Directions for this task: Write out all of the records below precisely as given, omitting the images.

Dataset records
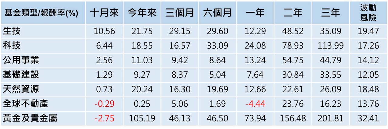 十月主要產業型基金中,以生技股票型基金台幣平均上漲10.56%領先,反應多家新藥臨床試驗有積極進展,以及企業併購利多而推升股價大漲,漲幅高於科技股票型基金的6.44%。另一方面,先前漲勢強勁的黃金貴金屬股票型基金因市場避險需求減弱,以及金價頻創新高後的獲利了結賣壓,而於十月拉回2.75%,然而今年以來仍有105%漲幅居冠。(理柏資訊,截至10/30)
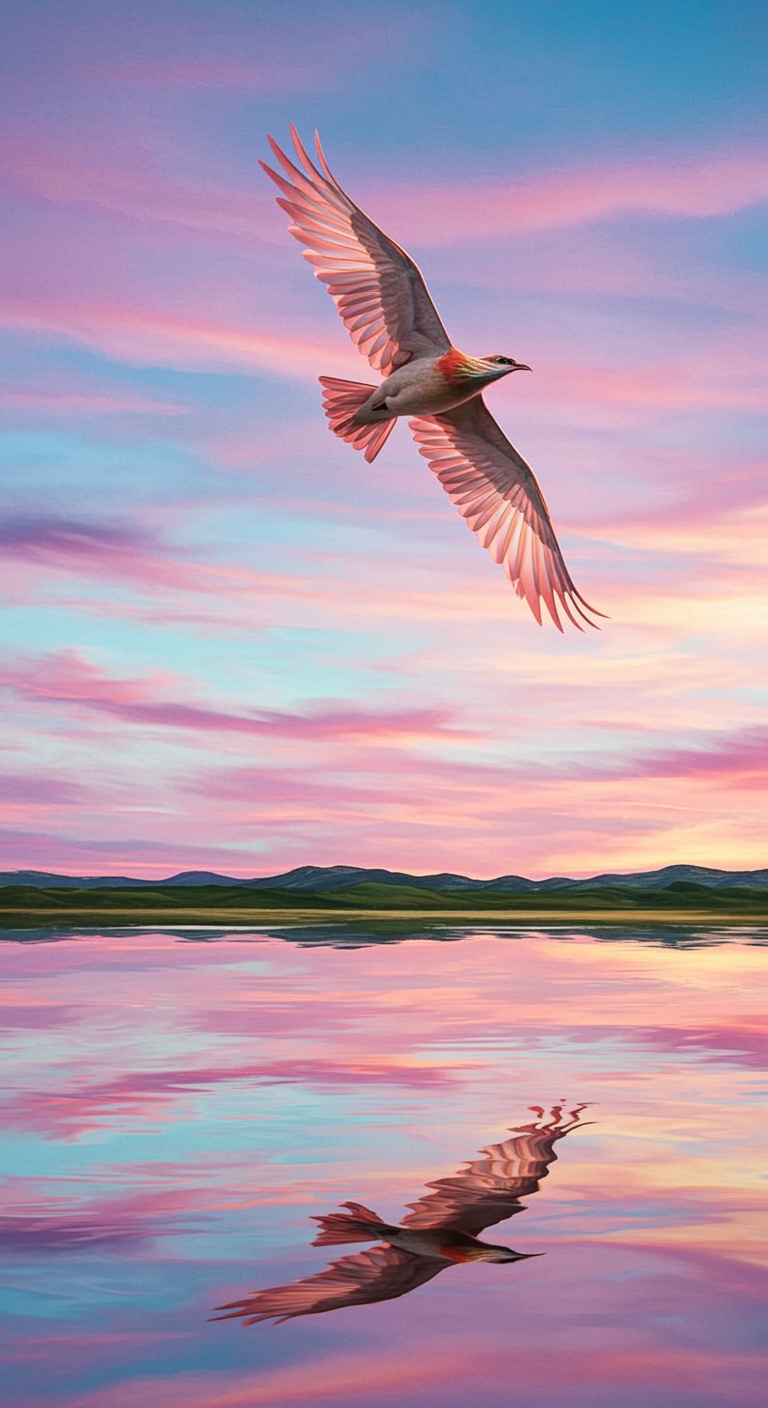 A symphony of colors unfolds as a majestic bird with iridescent feathers gracefully soars through a dreamy, pastel-hued sky; below, an abstract landscape of gentle rolling hills and shimmering lakes mirrors the vivid hues above, creating an enchanting harmony that captivates the viewer, inviting them to imagine soaring through this serene, otherworldly realm with the bird.
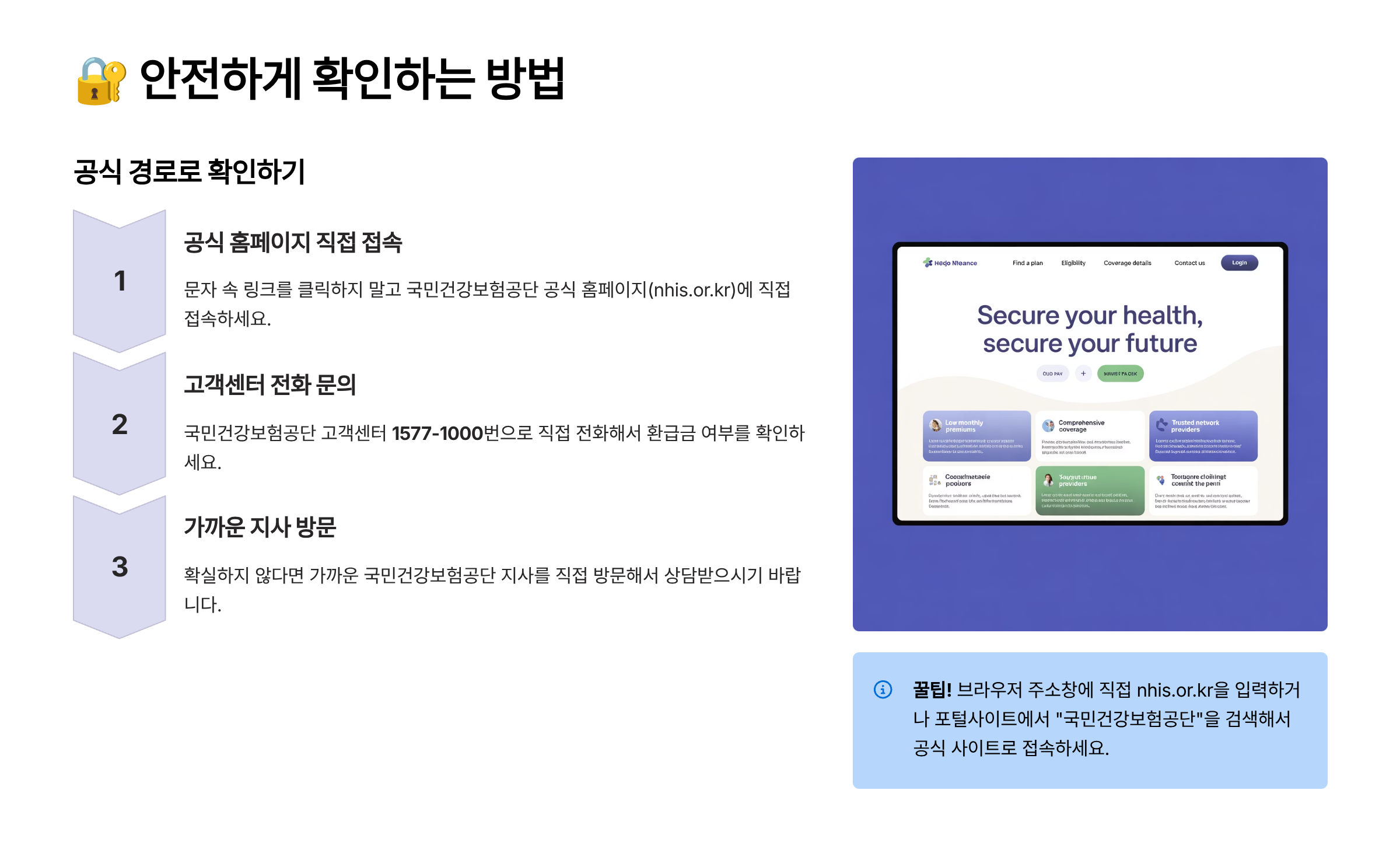 | 홈페이지 | nhis.or.kr 접속 → 환급금 조회 | 공식 정부 도메인만 사용 |
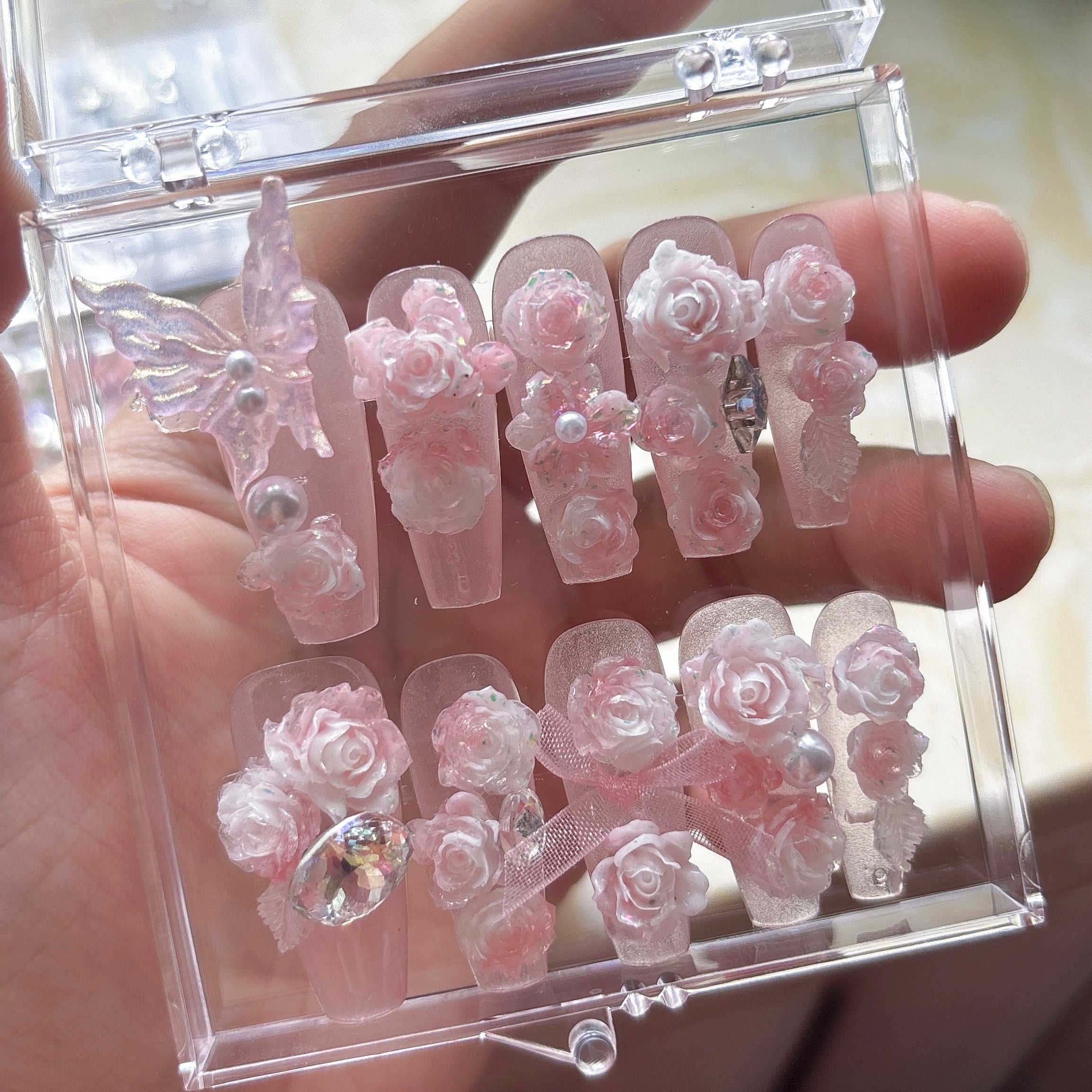 あなたの爪先に華やかさとエレガントな魅力をプラスするためにデザインされた、オリジナルのMサイズ ピンク系 バラ薔薇 ストーン パール ネイルチップです。このネイルチップは、美しいバラ薔薇と輝くストーン、そしてパールが調和したロマンティックなデザインで、特別な日や普段使いにも最適です。自宅で簡単に魅力的な指先を手に入れられるため、忙しい方でもスタイリッシュにおしゃれを楽しむことができます。特別なイベントやお友達とのお出かけに、ぜひご検討ください!
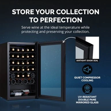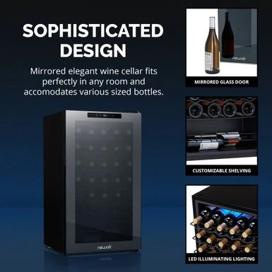 ย After a long day, theres nothing better than the company of good friends, good food, and a great glass of wine. The Newair Shadow Series 34 Bottle Wine Fridge lets you enjoy the finer things in lifeand looks great doing it. The sleek, updated design features a mirrored glass door that blends perfectly into your dcor while resisting smudges and fingerprints. The double pane glass blocks harmful UV rays to protect your wines flavor and aroma. The durable control panel is built right into the glass, allowing you to select the perfect temperature with ease. Its never been easieror more stylishto serve up your favorite vintage. ย
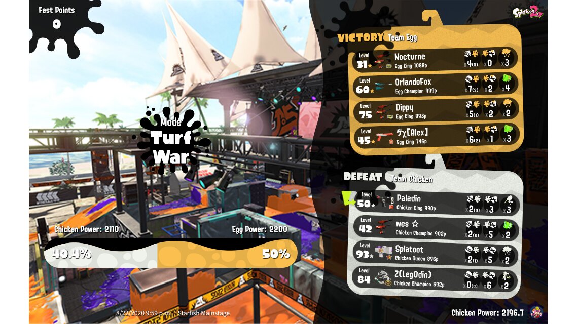 | Splatfest Power | 2,196.7 | |||||||||||||||||||||||||||||||||||||
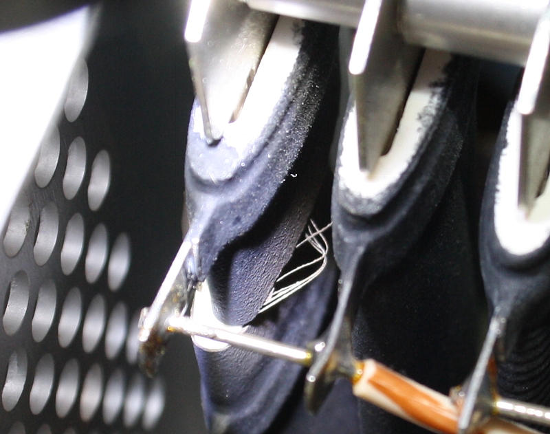 WARNING: Later I learned how to burn those resistors. There are two in there, one for each position (left-right) of the fixture switch. I received my 576 with one resistor burned, I soon burned the other one myself. This is how it happened: On the text fixture is CBE for transistors, and two additional holes for whatever it is. When attaching a device to those two holes, you can nicely do AC measurements on it. However, when you try to test a high current device there, those 22 Ohms resistors go up in smoke. High current testing I do via the Collector-Emitter terminals, and then it works fine.
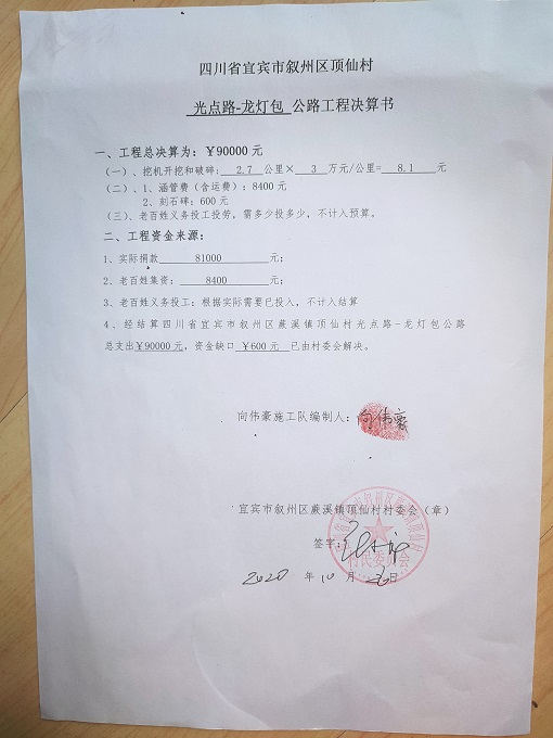 (5)修路预算分好几部分,有挖掘机、涵管、炸药爆破(山崖需要爆破)、堡坎、村民义务工、征地等。修路,我们不全包,我们出一大部分钱:挖掘费用、山崖爆破等。村民出义务工、涵管、征地费、村民小额集资。

Task result:
 十月主要產業型基金中,以生技股票型基金台幣平均上漲10.56%領先,反應多家新藥臨床試驗有積極進展,以及企業併購利多而推升股價大漲,漲幅高於科技股票型基金的6.44%。另一方面,先前漲勢強勁的黃金貴金屬股票型基金因市場避險需求減弱,以及金價頻創新高後的獲利了結賣壓,而於十月拉回2.75%,然而今年以來仍有105%漲幅居冠。(理柏資訊,截至10/30)
 A symphony of colors unfolds as a majestic bird with iridescent feathers gracefully soars through a dreamy, pastel-hued sky; below, an abstract landscape of gentle rolling hills and shimmering lakes mirrors the vivid hues above, creating an enchanting harmony that captivates the viewer, inviting them to imagine soaring through this serene, otherworldly realm with the bird.
 | 홈페이지 | nhis.or.kr 접속 → 환급금 조회 | 공식 정부 도메인만 사용 |
 あなたの爪先に華やかさとエレガントな魅力をプラスするためにデザインされた、オリジナルのMサイズ ピンク系 バラ薔薇 ストーン パール ネイルチップです。このネイルチップは、美しいバラ薔薇と輝くストーン、そしてパールが調和したロマンティックなデザインで、特別な日や普段使いにも最適です。自宅で簡単に魅力的な指先を手に入れられるため、忙しい方でもスタイリッシュにおしゃれを楽しむことができます。特別なイベントやお友達とのお出かけに、ぜひご検討ください!
 ย After a long day, theres nothing better than the company of good friends, good food, and a great glass of wine. The Newair Shadow Series 34 Bottle Wine Fridge lets you enjoy the finer things in lifeand looks great doing it. The sleek, updated design features a mirrored glass door that blends perfectly into your dcor while resisting smudges and fingerprints. The double pane glass blocks harmful UV rays to protect your wines flavor and aroma. The durable control panel is built right into the glass, allowing you to select the perfect temperature with ease. Its never been easieror more stylishto serve up your favorite vintage. ย
 | Splatfest Power | 2,196.7 | |||||||||||||||||||||||||||||||||||||
 WARNING: Later I learned how to burn those resistors. There are two in there, one for each position (left-right) of the fixture switch. I received my 576 with one resistor burned, I soon burned the other one myself. This is how it happened: On the text fixture is CBE for transistors, and two additional holes for whatever it is. When attaching a device to those two holes, you can nicely do AC measurements on it. However, when you try to test a high current device there, those 22 Ohms resistors go up in smoke. High current testing I do via the Collector-Emitter terminals, and then it works fine.
 (5)修路预算分好几部分,有挖掘机、涵管、炸药爆破(山崖需要爆破)、堡坎、村民义务工、征地等。修路,我们不全包,我们出一大部分钱:挖掘费用、山崖爆破等。村民出义务工、涵管、征地费、村民小额集资。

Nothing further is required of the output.